-------- EXERCISE MATERIALS

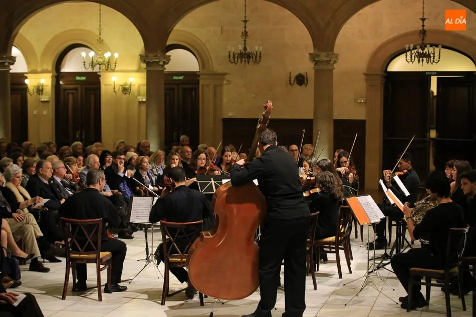 El Patio Neorrenacentista del Palacio de Figueroa ha sido escenario este domingo del tradicional Concierto de Fin de Año de la Orquesta de Cámara del Casino de Salamanca que ha incluido un atractivo repertorio en el que los valses y polkas de Johann Strauss hijo han sido protagonistas.
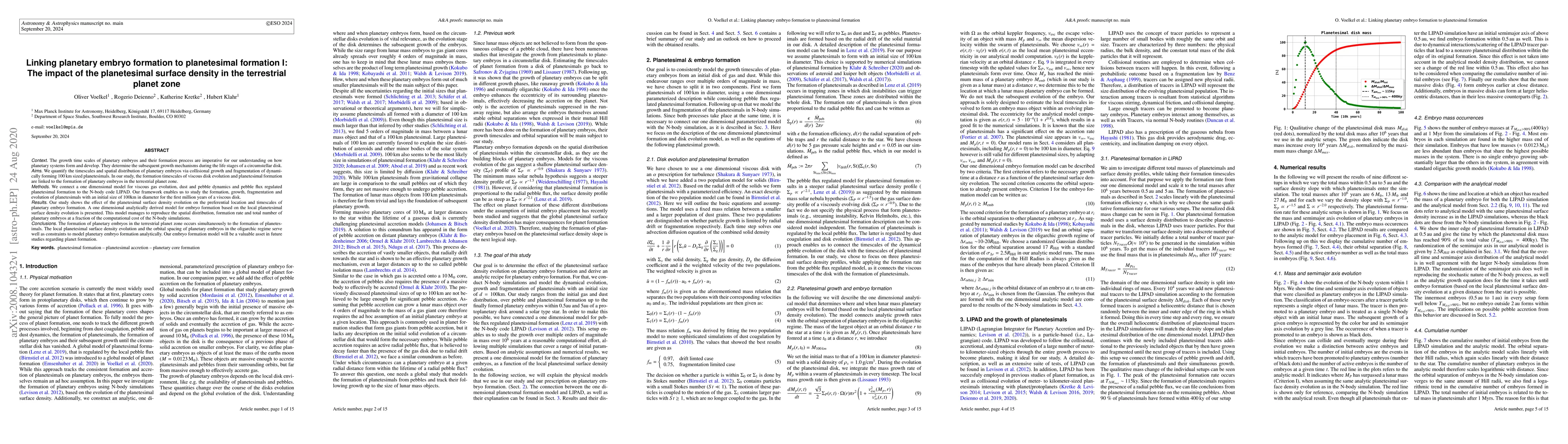 This paper investigates the relationship between planetesimal surface density and the formation of planetary embryos in the terrestrial planet zone, demonstrating that embryo formation occurs concurrently with planetesimal formation. The study employs a one-dimensional model to link viscous disk evolution and planetesimal dynamics, providing a computationally efficient method to predict embryo formation and distribution.
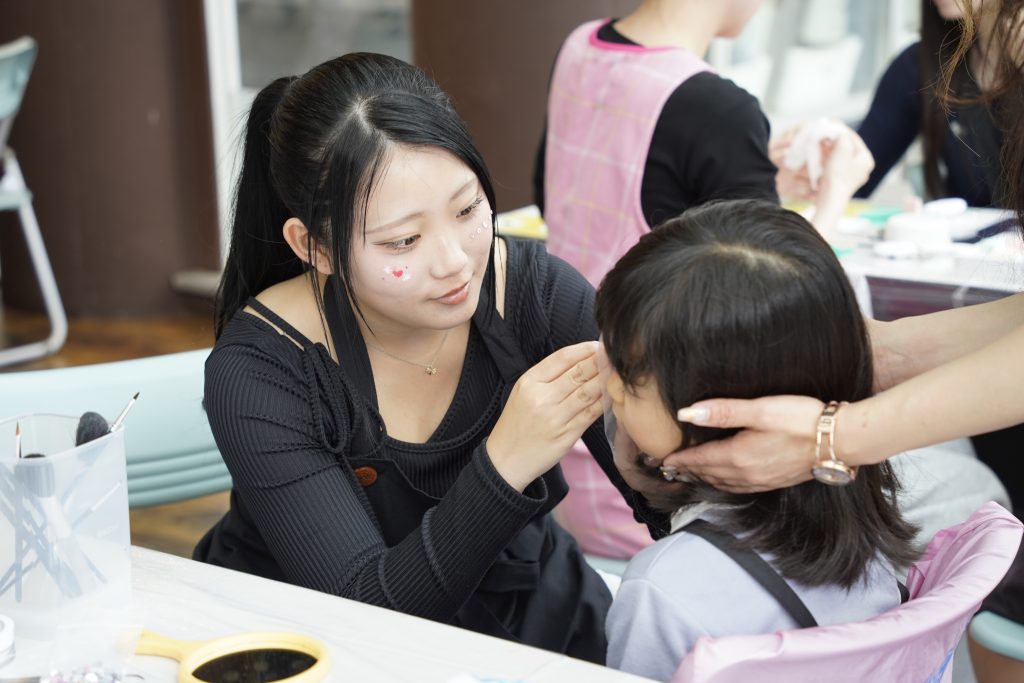 学生たちは、イベントに来場したお子さまたちへ毎年恒例のフェイスペイントの体験ブースを実施。
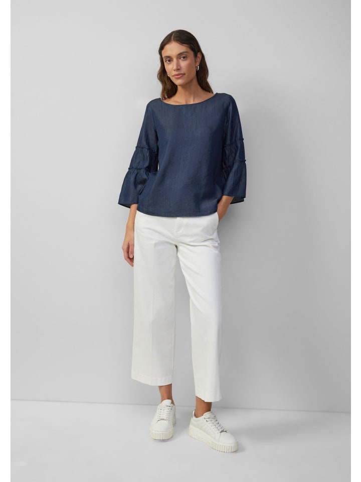 Эта блузка из джинсовой ткани сочетает в себе свободный крой и элегантные рукава-воланы, создавая неповторимый образ. Высококачественная лиоцелловая ткань и изысканные оборки делают ее универсальным спутником - от деловых встреч до неформальных ужинов. Эффектная вещь, идеально сочетающая в себе комфорт и стиль.
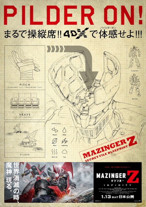 「劇場版 マジンガーZ / INFINITY」は1月13日ロードショー。4DX、MX4D、D-BOXといったアトラクション型の上映システムを有する劇場でも公開され、4DX版の入場者にはポストカードがプレゼントされる。
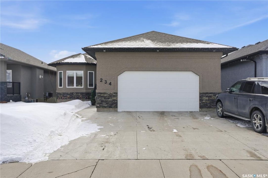 Welcome to 234 Greenfield Crescent — a rare walkout bungalow backing beautiful green space in the heart of Hampton Village. Offering privacy, wide open lay out and great views. The main floor features a bright, open-concept design with large windows that frame the natural setting behind the home. The kitchen offers generous cabinetry, ample counter space, and a functional layout that flows seamlessly into the dining and living areas — ideal for both everyday living and hosting guests. The primary bedroom provides a comfortable retreat with ensuite access, while additional main floor bedroom space offers flexibility for family or a home office. The fully developed walkout basement is a standout feature, offering expansive additional living space filled with natural light and direct access to the backyard and green space. This level is perfect for entertaining, relaxing, or accommodating guests with additional bedroom and bathroom space. Enjoy peaceful views from the upper deck or step out from the lower patio into the open green space just beyond your yard — a rare and highly desirable feature in this neighbourhood. Located in the family-friendly community of Hampton Village, you are close to parks, schools, walking paths, shopping amenities, and convenient access to Circle Drive. This is a unique opportunity to own a walkout bungalow backing green space in one of Saskatoon's most popular west-side neighbourhoods.
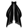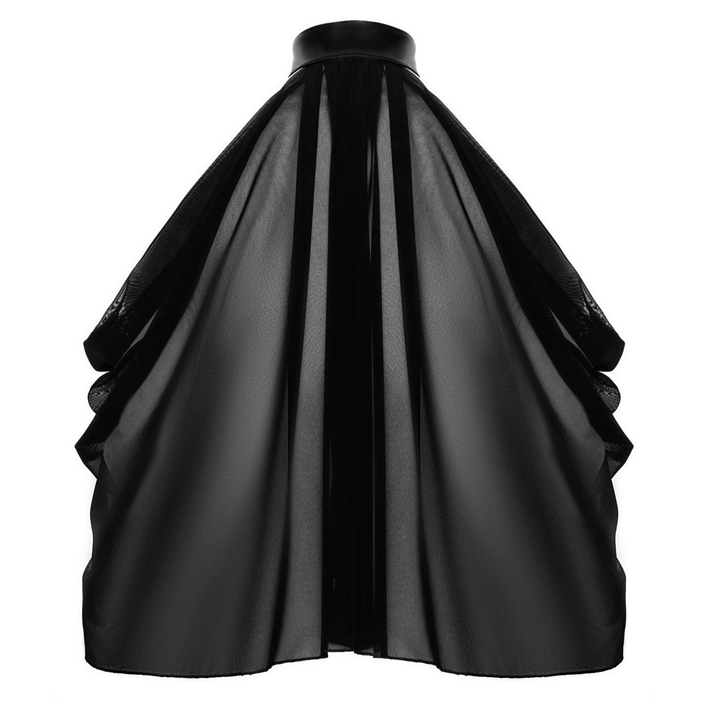 Wide and loose top from Noir, made entirely of delicate, black and transparent tulle. Cold shoulder cape style with a choker-style neckline that is made of a wet look fabric. It has press studs on the front of the neckline. Asymmetrical cut: short at the front and open, the arms and back are covered.
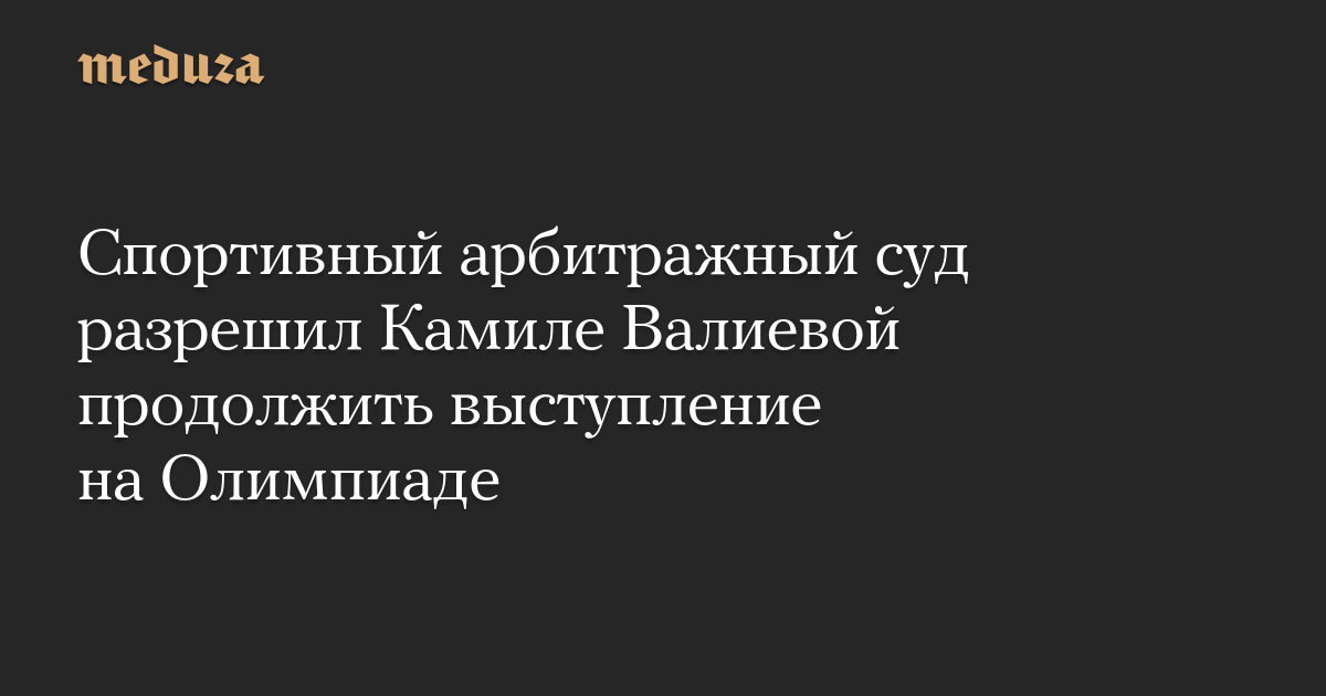 Российская фигуристка Камила Валиева сможет выступить в одиночных соревнованиях на Олимпиаде в Пекине. Об этом говорится в решении (.pdf) Спортивного арбитражного суда (CAS), рассмотревшего апелляцию по делу Валиевой.
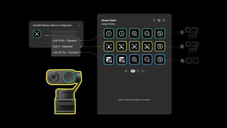 • Khác với các phần mềm webcam thông thường chỉ cho phép điều khiển từng camera một, Stream Deck giúp người dùng quản lý cùng lúc nhiều camera Insta360. Điều này cực kỳ hữu ích cho các buổi podcast, giảng dạy hoặc sản xuất video đa góc quay.

----------------

WORK ITEM | Return the material word for word, images omitted.

RESPONSE BELOW |
 El Patio Neorrenacentista del Palacio de Figueroa ha sido escenario este domingo del tradicional Concierto de Fin de Año de la Orquesta de Cámara del Casino de Salamanca que ha incluido un atractivo repertorio en el que los valses y polkas de Johann Strauss hijo han sido protagonistas.
 This paper investigates the relationship between planetesimal surface density and the formation of planetary embryos in the terrestrial planet zone, demonstrating that embryo formation occurs concurrently with planetesimal formation. The study employs a one-dimensional model to link viscous disk evolution and planetesimal dynamics, providing a computationally efficient method to predict embryo formation and distribution.
 学生たちは、イベントに来場したお子さまたちへ毎年恒例のフェイスペイントの体験ブースを実施。
 Эта блузка из джинсовой ткани сочетает в себе свободный крой и элегантные рукава-воланы, создавая неповторимый образ. Высококачественная лиоцелловая ткань и изысканные оборки делают ее универсальным спутником - от деловых встреч до неформальных ужинов. Эффектная вещь, идеально сочетающая в себе комфорт и стиль.
 「劇場版 マジンガーZ / INFINITY」は1月13日ロードショー。4DX、MX4D、D-BOXといったアトラクション型の上映システムを有する劇場でも公開され、4DX版の入場者にはポストカードがプレゼントされる。
 Welcome to 234 Greenfield Crescent — a rare walkout bungalow backing beautiful green space in the heart of Hampton Village. Offering privacy, wide open lay out and great views. The main floor features a bright, open-concept design with large windows that frame the natural setting behind the home. The kitchen offers generous cabinetry, ample counter space, and a functional layout that flows seamlessly into the dining and living areas — ideal for both everyday living and hosting guests. The primary bedroom provides a comfortable retreat with ensuite access, while additional main floor bedroom space offers flexibility for family or a home office. The fully developed walkout basement is a standout feature, offering expansive additional living space filled with natural light and direct access to the backyard and green space. This level is perfect for entertaining, relaxing, or accommodating guests with additional bedroom and bathroom space. Enjoy peaceful views from the upper deck or step out from the lower patio into the open green space just beyond your yard — a rare and highly desirable feature in this neighbourhood. Located in the family-friendly community of Hampton Village, you are close to parks, schools, walking paths, shopping amenities, and convenient access to Circle Drive. This is a unique opportunity to own a walkout bungalow backing green space in one of Saskatoon's most popular west-side neighbourhoods.
 Wide and loose top from Noir, made entirely of delicate, black and transparent tulle. Cold shoulder cape style with a choker-style neckline that is made of a wet look fabric. It has press studs on the front of the neckline. Asymmetrical cut: short at the front and open, the arms and back are covered.
 Российская фигуристка Камила Валиева сможет выступить в одиночных соревнованиях на Олимпиаде в Пекине. Об этом говорится в решении (.pdf) Спортивного арбитражного суда (CAS), рассмотревшего апелляцию по делу Валиевой.
 • Khác với các phần mềm webcam thông thường chỉ cho phép điều khiển từng camera một, Stream Deck giúp người dùng quản lý cùng lúc nhiều camera Insta360. Điều này cực kỳ hữu ích cho các buổi podcast, giảng dạy hoặc sản xuất video đa góc quay.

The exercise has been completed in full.